Effects of vorapaxar on clot characteristics, coagulation, inflammation, and platelet and endothelial function in patients treated with mono‐ and dual‐antiplatelet therapy

Abstract

BackgroundVorapaxar is indicated with standard antiplatelet therapy (APT) in patients with a history of myocardial infarction (MI) or peripheral arterial disease (PAD). ObjectivesTo evaluate the comparative effects of vorapaxar on platelet‐fibrin clot characteristics (PFCC), coagulation, inflammation, and platelet and endothelial function during treatment with daily 81 mg aspirin (A), 75 mg clopidogrel (C), both (C + A), or neither. MethodsThrombelastography, conventional platelet aggregation (PA), ex vivo endothelial function by ENDOPAT, coagulation, platelet activation/inflammation marked by urinary 11‐dehydrothromboxane B2 (UTxB2) and safety were determined in patients who were APT naïve (n = 21), on C (n = 8), on A (n = 29), and on A + C (n = 23) during 1 month of vorapaxar therapy and 1 month of offset. ResultsVorapaxar had no effect on PFCC, ADP‐ or collagen‐induced PA, thrombin time, fibrinogen, PT, PTT, von Willebrand factor (vWF), D‐dimer, or endothelial function (P > .05 in all groups). Inhibition of SFLLRN (PAR‐1 activating peptide)‐stimulated PA by vorapaxar was accelerated by A + C at 2 hours (P < .05 versus other groups) with nearly complete inhibition by 30 days that persisted through 30 days after discontinuation in all groups (P < .001).

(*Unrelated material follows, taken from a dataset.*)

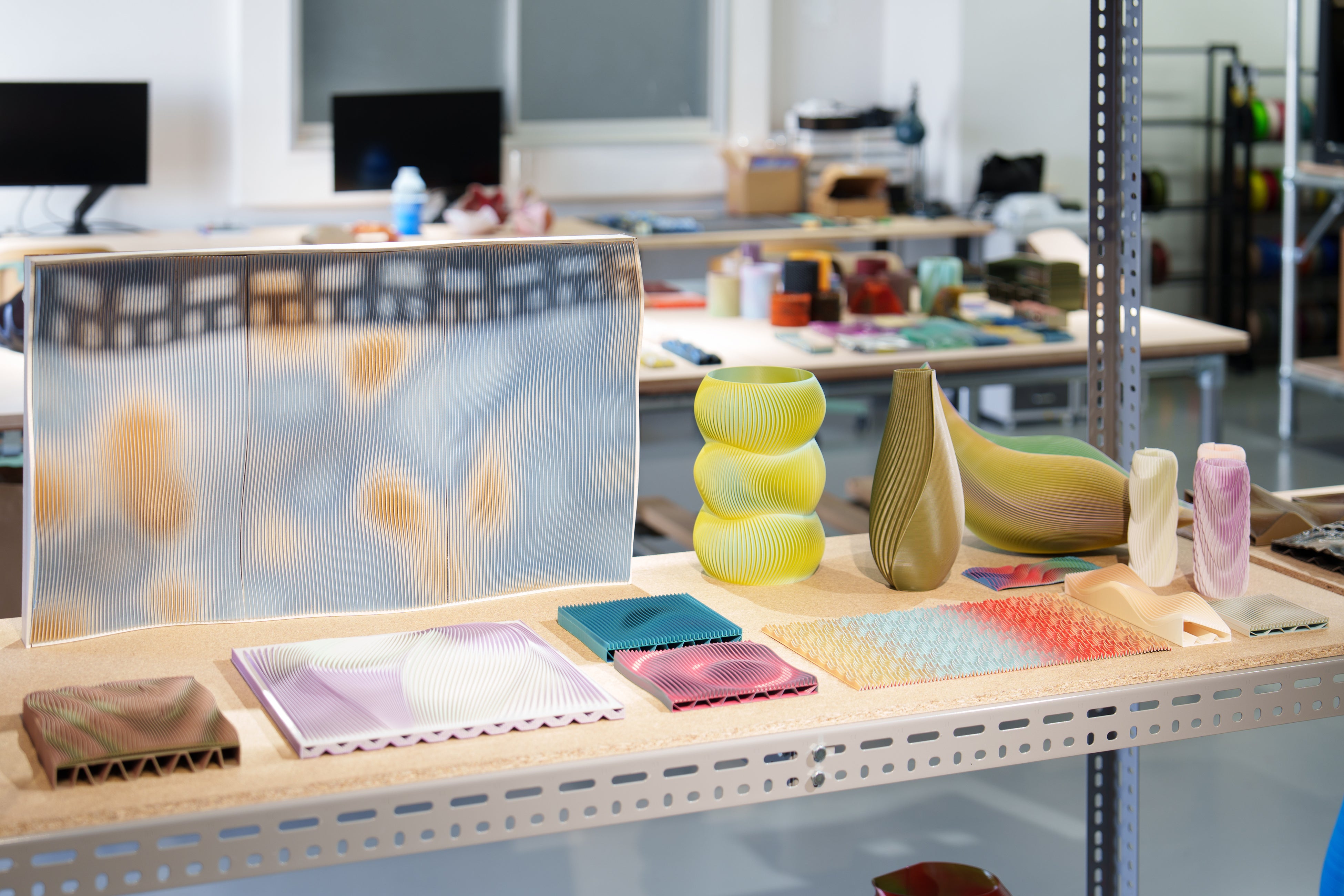 積彩はこれまで、3Dプリンターを用いて、色彩や素材、構造の実験を重ねながらものづくりを行ってきました。

SFLLRN‐induced PA during offset was lower in APT patients versus APT‐naïve patients (P < .05). Inhibition of UTxB2 was observed in APT‐naive patients treated with vorapaxar (P < .05). Minor bleeding was only observed in C‐treated patients. ConclusionVorapaxar had no influence on PFCC measured by thrombelastography, coagulation, or endothelial function irrespective of APT. Inhibition of protease activated receptor (PAR)‐1 mediated platelet aggregation by vorapaxar was accelerated by A + C and offset was prolonged by concomitant APT. Vorapaxar‐induced anti‐inflammatory effects were observed in non‐aspirin‐treated patients.